37. These statements were qualified on appeal.

38. In Catherine Rudder v ACT Planning and Land Authority and Ors [2010] ACAT 24 (Rudder), the Appeal Tribunal determined that the above quoted statement of the Tribunal’s jurisdiction was (in part) wrong. At [14] – [15], the Appeal Tribunal said:

14. When the original tribunal referred to the “responsibility” of the Tribunal it was referring to the ACAT’s jurisdiction in these matters. That issue and the interpretation of Section 121(2) of the Planning and Development Act 2007 (Planning Act) was further considered in detail by the ACAT in the decision of Thomson v ACT Planning and Land Authority [2009] ACAT 38. We accept and adopt that decision.

15. That decision confirms that the Tribunal’s jurisdiction to review decisions about development proposals in the merit track is limited by section 121(2) of the Planning Act and that the limiting factor is compliance with a relevant rule. If a development proposal complies with a relevant rule, the Tribunal cannot review the decision to approval (sic) the proposal on that point. Compliance with relevant criteria does not limit the Tribunal’s jurisdiction. The original tribunal’s statement was incorrect in so far as it referred to compliance with relevant criteria as a limitation on the Tribunal’s jurisdiction. While it is important that the error is acknowledged and corrected so that readers of the decision are not misled, it does not follow that the error should lead to the setting aside of the decision of the original tribunal. (emphasis added)

39. The Appeal Tribunal in Rudder at [21] – [22] went on to explain that the Tribunal in Mason at first instance had nevertheless not fallen into error because it had considered the matters in section 120.

40. For three reasons, the Tribunal accepts the submission of the Planning Authority.

41. First, the passage in Mason on which Mr Erskine relied was overruled on appeal.
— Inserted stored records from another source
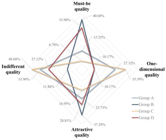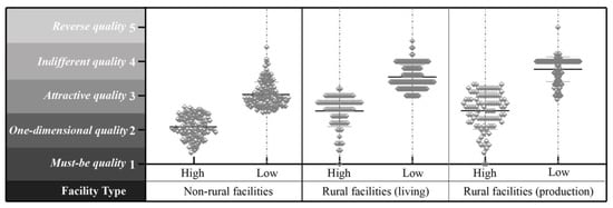 The better and worse values were used to plot a four-quadrant diagram based on their absolute values. As better and worse values are continuous, the intersection point of the axes was established as the average value. The four quadrants represent the following categories: one-dimensional (I), attractive (II), indifferent (III), and must-be (IV) qualities. Consequently, the four groups’ facility attributes were classified (Table 5, Figure 9, Figure 10, Figure 11 and Figure 12).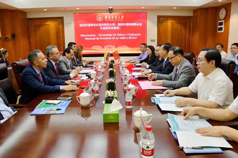 On April 16th, a delegation from the University of Tolima in Colombia and the Colombian National Federation of Rice Growers visited SCAU to jointly inaugurate the China-Colombia Rice Joint Center. The event was attended by Hernán Vargas Martín, Consul General of Colombia in Guangzhou, and Omar Albeiro Mejía Patiño, President of the University of Tolima. Li Fengliang, the Party Committee Secretary of SCAU, received the delegation, and Qiu Rongliang, the Vice President, presided over the symposium.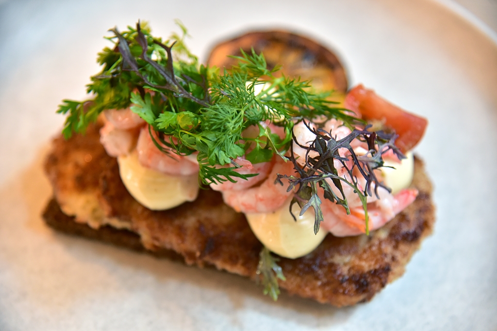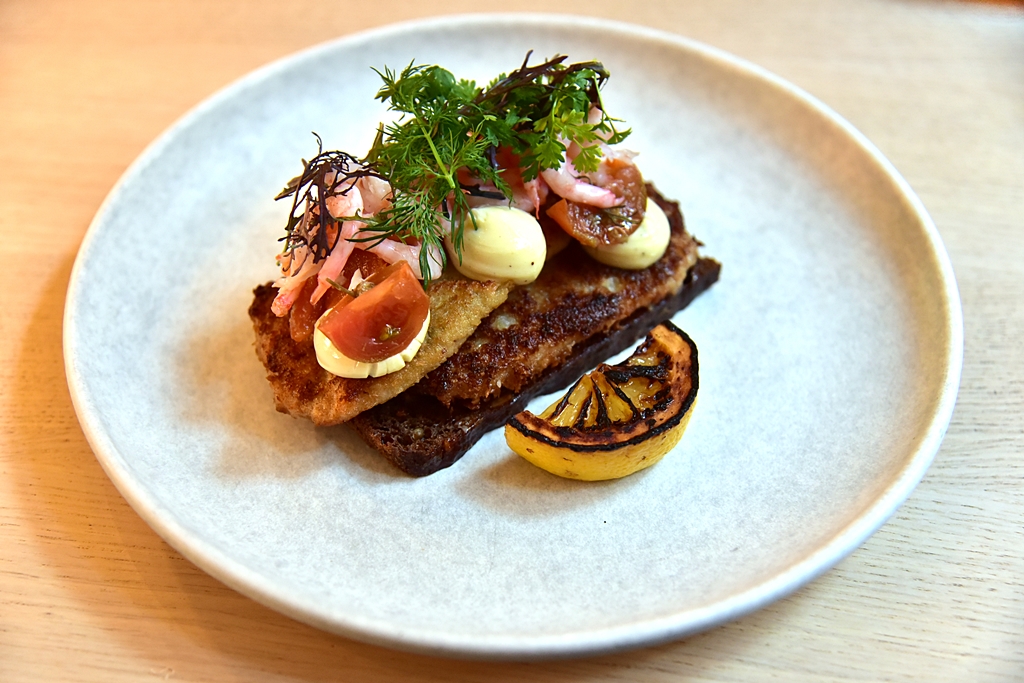 4. Pan-fried Plaice with hand-peeled shrimps, chamomile, pickled tomatoes and charred lemon (155 DKR) – ขนมปังปิ้งหน้าเนื้อปลาตาเดียวชุบแป้งทอดเนื้อฉ่ำและกุ้งหวานสดเนื้อเด้ง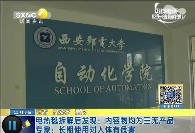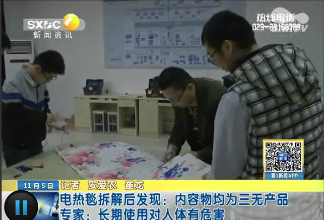 2015年11月5日,陕西电视台《第一新闻》:电热毯拆解后发现内容物均为三无产品 长期使用对人体有危害。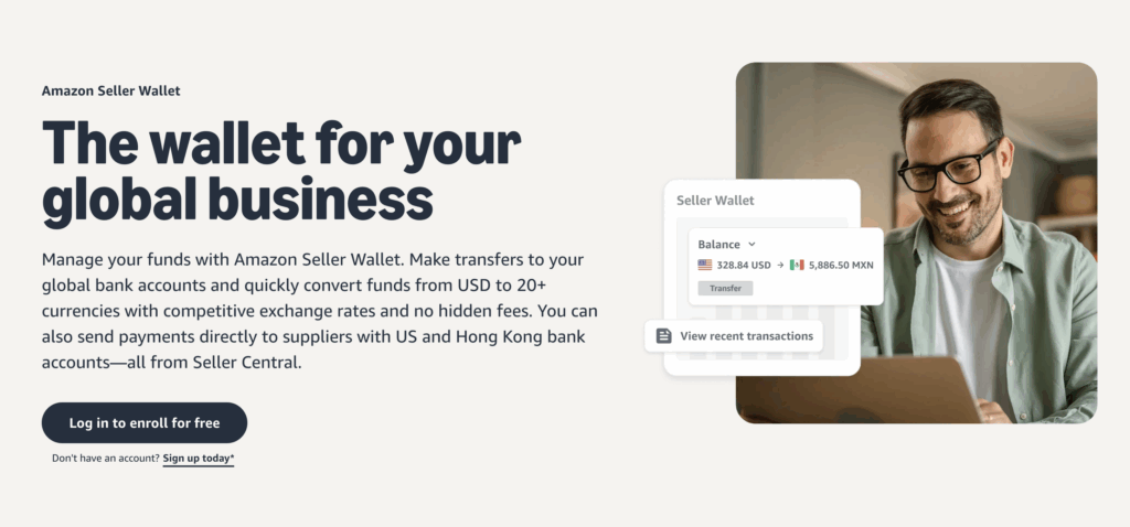 Seller Wallet manages your Amazon sales proceeds globally with competitive exchange rates and no hidden markups. You can convert currencies on demand into over 20 different options, with transfers typically available the next business day.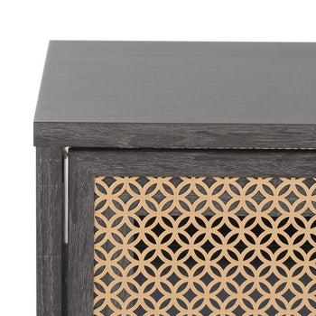 Bring elevated style and functionality to your living space with our stunning Ceu coffee table. A streamlined design and mixed material elegance lend a chic and inviting presence to the coffee table. Its sleek, rectangular tabletop and tapered legs vouch for a modern appeal. It highlights the rich grains of wood to create a stunning contrast with the intricate gold metal work to offer a refined touch of luxury. Sophisticated and detail-rich, our coffee table features two sliding cabinets to organize and keep your essentials within easy reach.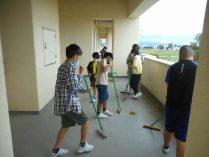 ベランダ掃除(飼育栽培・環境委員会) 公開日 2021/10/06 更新日 2021/10/06 6年生 10月6日(水)、委員会の時間に飼育栽培・環境委員会の子供たちがベランダを掃除してくれました。普段はあまり掃除ができていない場所を、高学年としてがんばってきれいにしてくれました。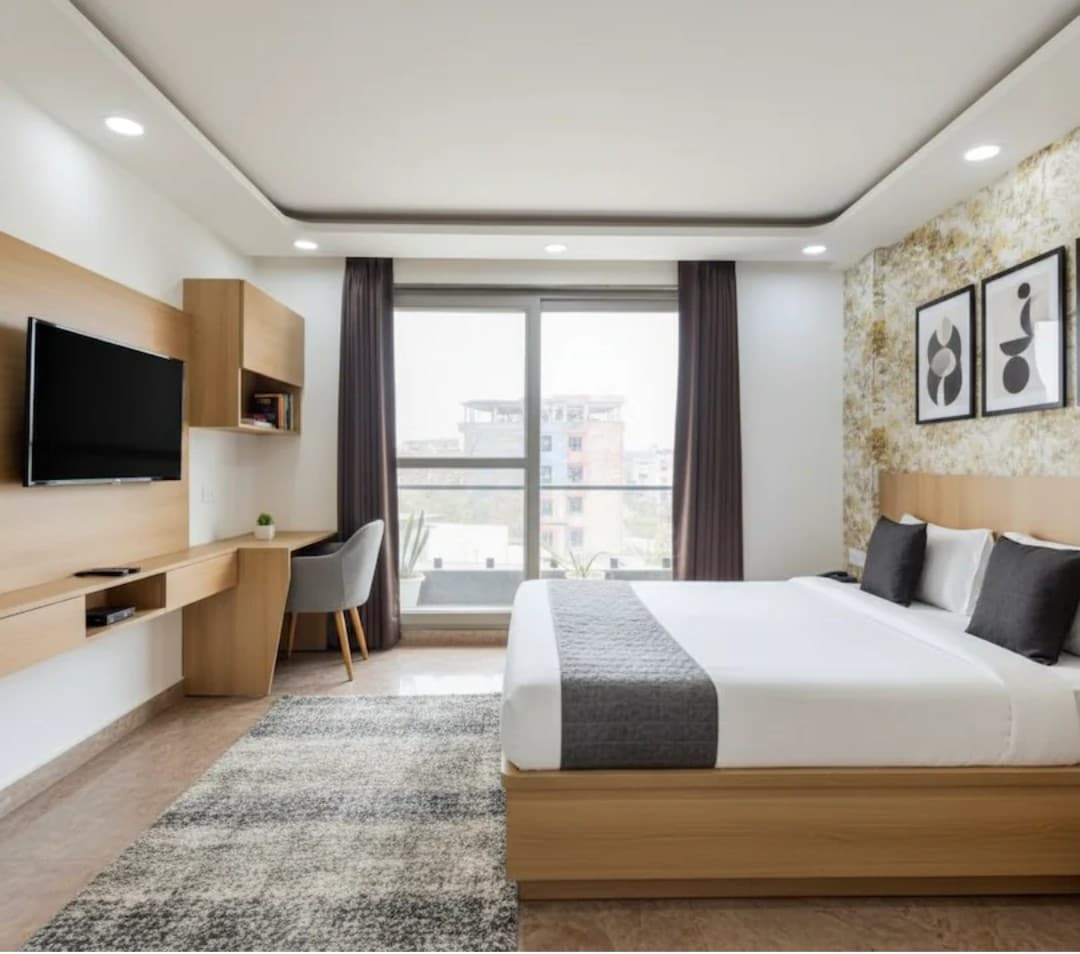 Managed by Perch Service Apartments. Top rated hospitality has helped us win the hearts of our guests and several awards since 2011 • Medium size Studio Apartment w balcony • Fully equipped Kitchen (Cooking Hob, Utensils, Cutlery, Refrigerator, Microwave etc) • Central Kitchen , Room ordering & Breakfast Lounge • Breakfast available at Rs 295 +GST per person. • Gym & guest lounge w large smart Tv • 5 min walk to Ambiance Mall & DLF Cyber City • 500 mts to Moulsari Ave Metro Station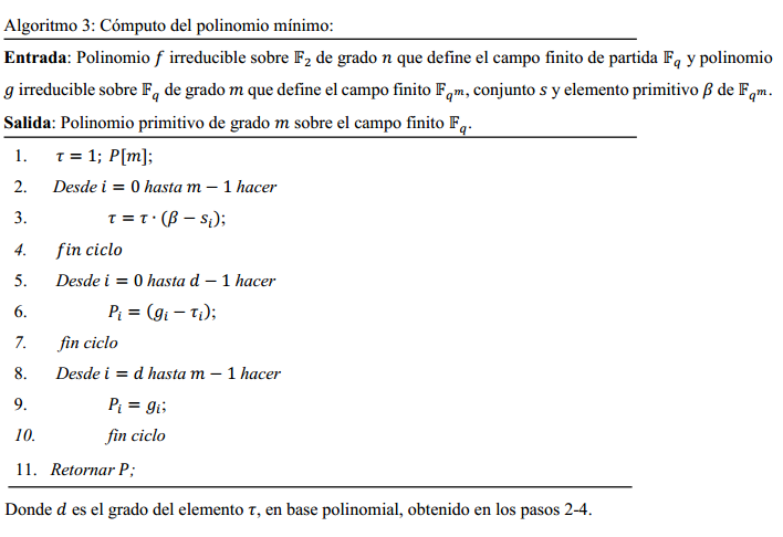 Luego de obtenido cada coseto q-ciclotómico, se realiza el cómputo del polinomio primitivo a partir de los elementos de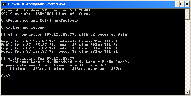 To confirm my suspicions, I did a simple ping for google.com and got the following: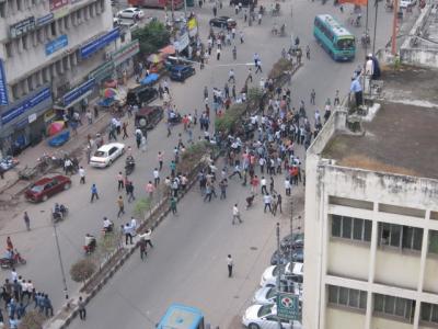 বাইরে চরম গোলাগুলির শব্দ। জানলা দিয়ে বেশ কিছু ছবি নিলাম। দুরে আগুন জ্বলছে দেখে মনে পড়ল নিচে রাখা মটরসাইকেলের কথা। দৌড়ে নেমে এলাম ১০ তলা থেকে লিফট ছাড়া। করিডোরের মতো সরু পথে মানুষের ভীড় ঠেলে সামনে এগুতেই টিয়ার সেল এসে পড়ল কাছে, হুড়মুড় করে জনগন দ্রুত উপরে উঠতে সিড়িঘরে চরম বিশৃঙ্খলা। সাহস করে রাস্তায় যেতে চাইলাম কারন গাড়িটা নতুন। হঠাৎ চোখে মুখে যেন শর্ষে ফুল দেখতে লাগলাম। টিয়ার সেলের তীব্র ঝাঝাল গন্ধ আমার নাক থেকে মস্তক অবদি খবর করে দিল। কিছু লাইভ ছবি শেয়ার করলাম।
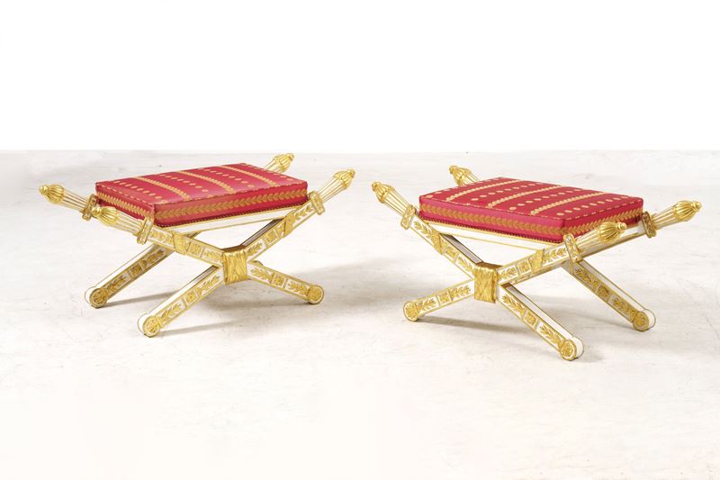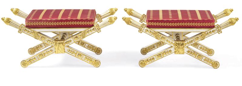 legno intagliato, laccato e dorato a foggia di gladii incrociati, decori a motivi vegetali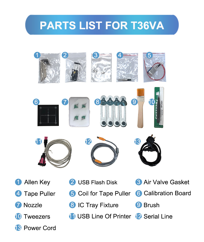 Drive System | X&Y-axis driven by stepping motors in the way of closed-loop control realized by encoder; Z-axis capable of reset detection;all motors adopting flexible S-curve acceleration and deceleration; tape puller automatic reset supported |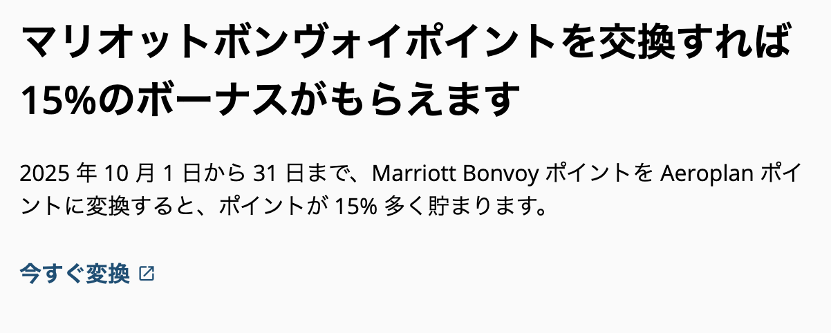 対象プログラム | Marriott Bonvoy(マリオットボンヴォイ)→ Air Canada Aeroplan(エアカナダ・エアロプラン) |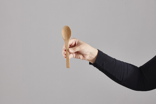 A woman in black abaya holding different wooden essentials in different positions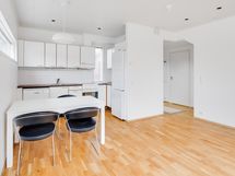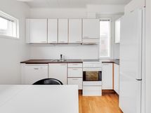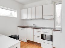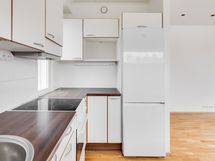 - Jääkaappi/pakastin, uuni, keraaminen liesi, astianpesukone, astianpesukoneliitäntä, kaapistot, liesituuletin hormiin. Lattia: Parketti. Seinät: maalattu

The Appeal Tribunal in Rudder interpreted section 121 in a manner consistent with the position taken by the Planning Authority.

42. Second, if the legislature intended to confine the Tribunal’s jurisdiction on review to consideration of whether applicable criteria were met, it could have easily said so. Instead, where no rule applies, the Tribunal’s jurisdiction is stated in section 121(2)(b) at large.

43. Third, the Planning Authority’s submission about the operation of section 121(2) causes compliance with a rule concerning a point (i.e. the subject of the rule) to be determinative of the point, but otherwise places the Tribunal in the same position as the Planning Authority. That interpretation should be preferred where the Tribunal’s overarching function is de novo review.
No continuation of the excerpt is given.